One of the characteristics of a witch-hunt is that the rhetoric and the hysteria – the allegation itself – adds enough colour to an accusation to stand as a surrogate for evidence. This is the pre-assumption of guilt – much like the trick question of the eponymous barrister who wrong-foots a defendant by asking him ‘when did you stop beating your wife’. It doesn’t matter that he never beat her – the very fact that he is defending himself implies his guilt. Into this category fall many of the accusations held against Jeremy Corbyn. Were he to respond to an accusation by saying something like, ‘yes, I did say that – now I wouldn’t – so what?’ one feels that the issue would disappear in a puff of smoke. He doesn’t.
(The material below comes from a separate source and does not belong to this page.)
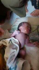 Bayi tersebut di temukan hanya di balut selembar kain dengan ari ari yang belum terputus dan beruntung bayi tersebut masih dalam keadaan hidup hanya kaki kiri yang memar.

Meanwhile, the issue of antisemitism needs to be addressed sensitively – with greater sensitivity than the current inflated rhetoric allows. Though why privilege antisemitism…? Prejudice against Muslims and other ethnic groups fall into just the same category. There needs to be a broad-ranging debate and programme of action about anti-ethnic prejudice that is tolerant of interpretation, that takes nuance seriously, that is responsive to the real world and that is respectful of difference.
I will take just one example to illustrate how manufactured hysteria undermines such rational exchange and measured deliberation.
Corbyn and Labour are much berated for not accepting both the definition of antisemitism and the guidance that goes along with it, given by the International Holocaust Remembrance Alliance (IHRA). Labour says that some of the guidance is inappropriate for today’s context and needs reworking. This is hotly disputed by some (not all) Jewish representative groups and some of Labour’s own MPs. But this is in spite of the author of that definition, Kenneth Stern, saying (in written evidence to the US Congress) just this – that the definition is a “working definition”, never intended as a stipulative or regulatory device, but something that needed adaptation according to circumstance.
Now, modern circumstance demands a very different approach to the IHRA definition since the passing of the Nation State Law in Israel which has attracted critique in the Israeli parliament as elsewhere for fostering apartheid and being openly racist. The definition – its guidance clauses, actually – make somewhat confused the key issue of when being anti-Israeli policy or pro-Palestinian leaks into antisemitism. But read this clause from the Nation State Law:
“the right to exercise national self-determination in Israel is unique to the Jewish people.”
For the first time in its history, Israel is constitutionally defined as a Jewish State. What this means is that any criticism of any Israeli State action or policy is tantamount to antisemitism, for it is anti-Jew – as is any defence of Palestinian rights that implies criticism of Israeli policy (eg. the West Bank settlements, Gaza atrocities, collective punishment, ethnic cleansing). The IHRA definition could not have predicted this state of affairs. It is worthy of adoption, but it needs reworking. In fact, given the Nation State Law a reworking would involve considerable dictionary-dexterity.
It will not be reworked – not, at least, until Jewish representatives have allowed the balloon of social hysteria to pop. For the moment, ‘perfect punishment’ must be administered, victims shamed and condemned, leaders toppled before the voracious greed of the hunt is sated.